In [48], a new method was introduced to efficiently plan viewpoints and trajectories for 3D reconstruction using a quadcopter with an RGB camera in outdoor environments. The method maximized information gain while minimizing travel distance, respecting the limited flight time of quadcopters. It used a hierarchical volumetric representation to distinguish between unknown, free, and occupied space, and handled occlusions efficiently. The method also utilized free-space information to avoid obstacles and plan collision-free flight paths. The authors demonstrated the effectiveness of their method through compelling 3D reconstructions and a thorough quantitative evaluation.
In [49], a novel approach was proposed to enhance surface reconstruction in urban environments by integrating aerial and ground images. The key innovation was based on leveraging photogrammetric mesh models for aerial-ground image matching, overcoming the challenges posed by significant viewpoint and illumination differences. This method, with linear time complexity, was shown to effectively handle low overlap scenarios using multi-view images and could seamlessly integrate with existing SfM and MVS pipelines. The process involved the separate reconstruction of aerial and ground images, co-registration using weak georeferencing data, rendering of aerial models to ground views, and feature matching with outlier removal. Finally, oriented 3D patches facilitated correspondence propagation to aerial views. The experimental results demonstrated superior performance, achieving successful matching in all ten challenging pairs compared to only three for the second-best method, while also enabling a more complete and stable reconstruction.
The results of this study were compared with previous works based on depth maps, SfM, and MVS. This current research focuses on enhancing the accuracy of 3D reconstruction for cultural heritage preservation by refining depth estimation using SIFT features. This emphasis on improving depth estimation through feature matching distinguishes the present work from others. Depth map methods focus on a dense SLAM system for real-time reconstruction without a pose graph, using frame-to-model tracking, non-rigid surface deformation [44], and the robust reconstruction of indoor scenes from RGB-D videos using geometric registration and global optimization [45]. SfM methods [46,47] propose single-shot 3D reconstruction using a grid pattern-based structured-light vision system, together with an efficient covisibility-based incremental SfM method for both unordered and sequential images.
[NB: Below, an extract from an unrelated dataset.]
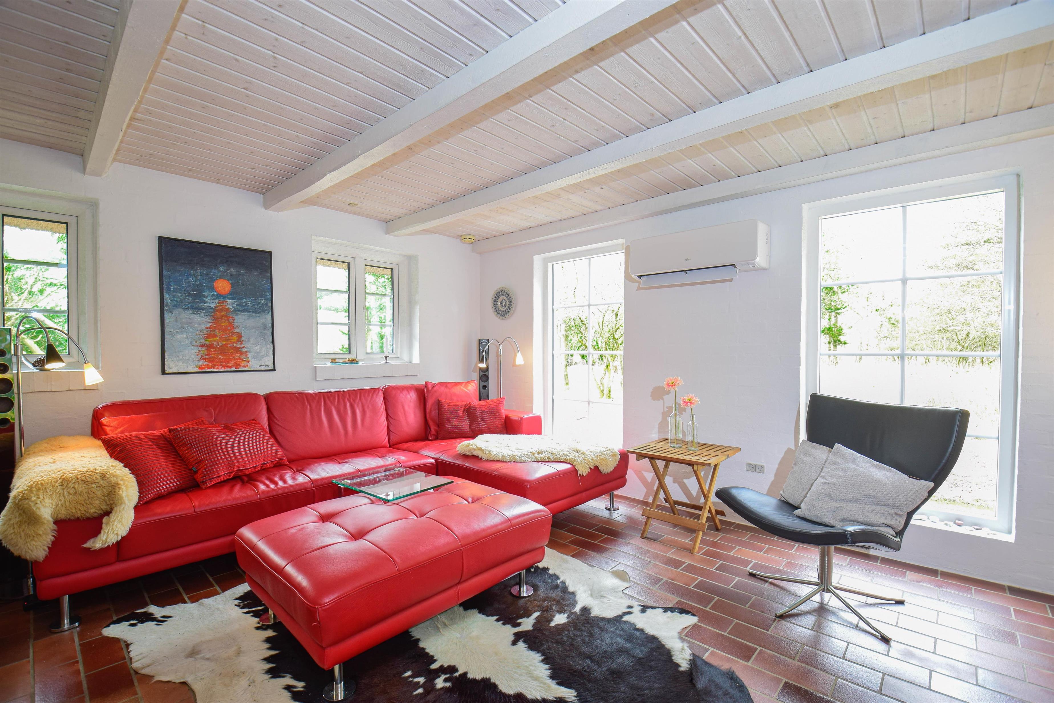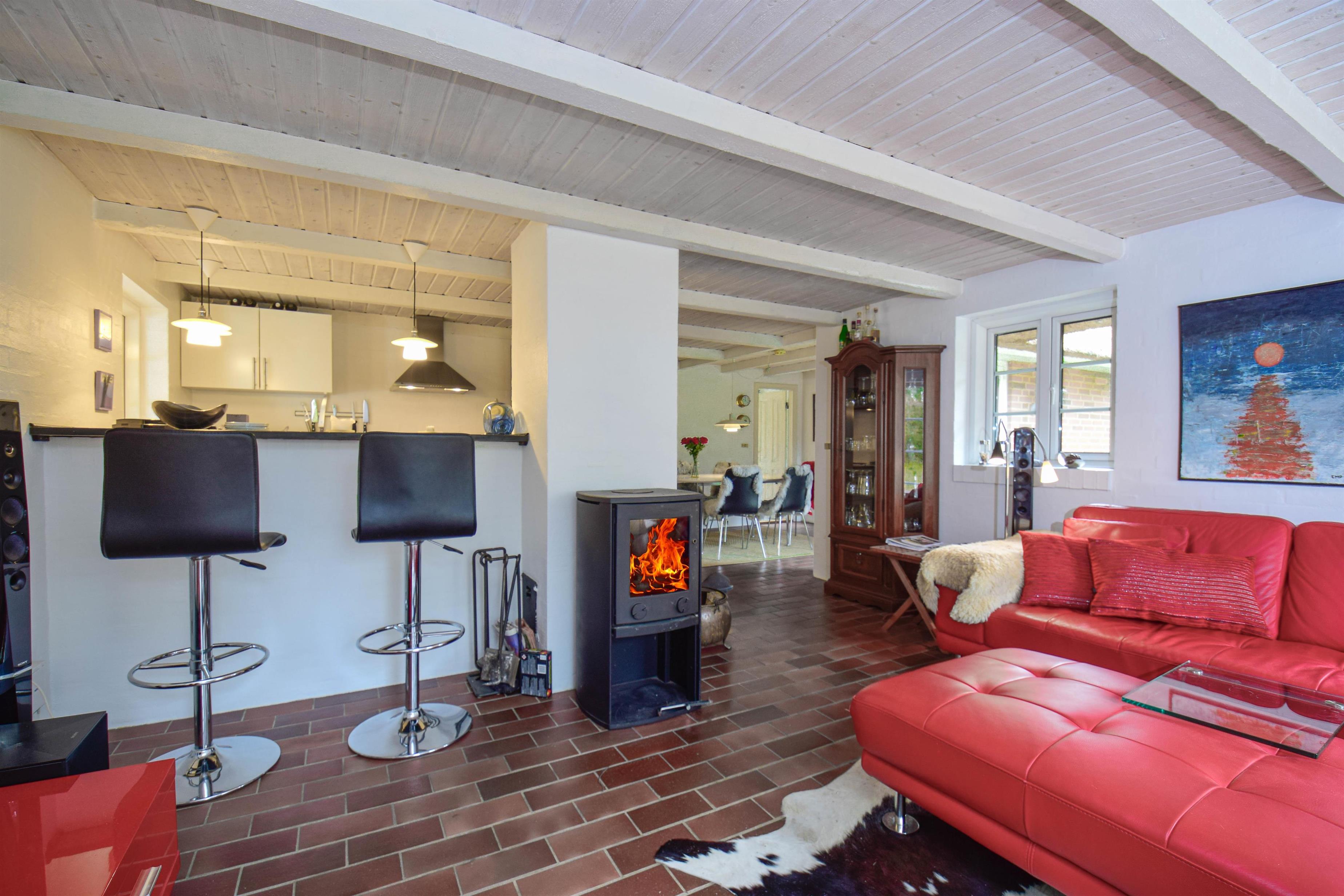 Daran anschließend liegt das Wohnzimmer, das mit seinem Kaminofen und Flachbildfernseher zu entspannten Abenden nach einem Tag am Meer einlädt.

MVS methods [48,49] involve viewpoint and trajectory optimization for aerial multi-view stereo 3D reconstruction, together with leveraging photogrammetric mesh models for aerial-ground feature point matching toward integrated 3D reconstruction.
In contrast to these previous works, the proposed approach specifically targets cultural heritage preservation and utilizes a low-cost image acquisition setup, potentially making it more accessible for broader applications. However, its reliance on SIFT features may limit its robustness in certain scenarios, such as those involving repetitive patterns or low-texture regions. In such cases, incorporating complementary techniques from the cited works, such as dense frame-to-model tracking or leveraging photogrammetric mesh models, could enhance the robustness of the proposed approach.

4. Conclusions

According to the reconstruction results in Section 3, the proposed method can generate more meaningful point clouds compared to the original depth map. For example, in Image Dataset 2, the proposed method generated 2,588,931 point clouds, whereas the original depth map method generated only 814,300. In Image Dataset 3, the proposed method generated 2,759,780 point clouds, whereas the original depth map method generated only 943,360. In terms of depth information accuracy, an accuracy of 72.33% was achieved, whereas the original depth map method achieved only 24.93%. One major disadvantage of the proposed method is the running time, since monocular depth estimation and Poisson distribution techniques are required to generate the mesh. The experiment involving photographs being taken of a tangible cultural heritage object highlighted the importance of lighting conditions. As described earlier, all images in this work were taken at The National Art Museum of China, Beijing; therefore, it was not possible to control the lighting and other environmental factors to create the most suitable surroundings for our reconstruction method.
The experimental results highlight key takeaways. Compared to the depth map method, the proposed method offers significantly improved accuracy in depth information and point cloud generation, though at the cost of longer running time. Additionally, the proposed method appears particularly effective for image datasets featuring high color contrast between objects and backgrounds. It is important to note that this conclusion is currently based on visual observation; further analysis of specific color features (hue, saturation, etc.) is required. Future work should explore the method’s performance with diverse image datasets (varying sizes and types) and prioritize algorithm speed optimization.

Author Contributions

Conceptualization, P.V. and X.L.; methodology, P.V.; software, F.P.; validation, P.V., C.C. and F.P.; formal analysis, P.V. and X.L.; investigation, X.L.; resources, P.V.; data curation, P.V.; writing—original draft preparation, P.V. and F.P.; writing—review and editing, P.V.; visualization, F.P.; supervision, P.V. and X.L.; project administration, P.V.; funding acquisition, P.V. All authors have read and agreed to the published version of the manuscript.

Funding

This research was funded by the National Science, Research, and Innovation Fund (NSRF) and King Mongkut’s University of Technology North Bangkok under Contract no. KMUTNB-FF-66-18.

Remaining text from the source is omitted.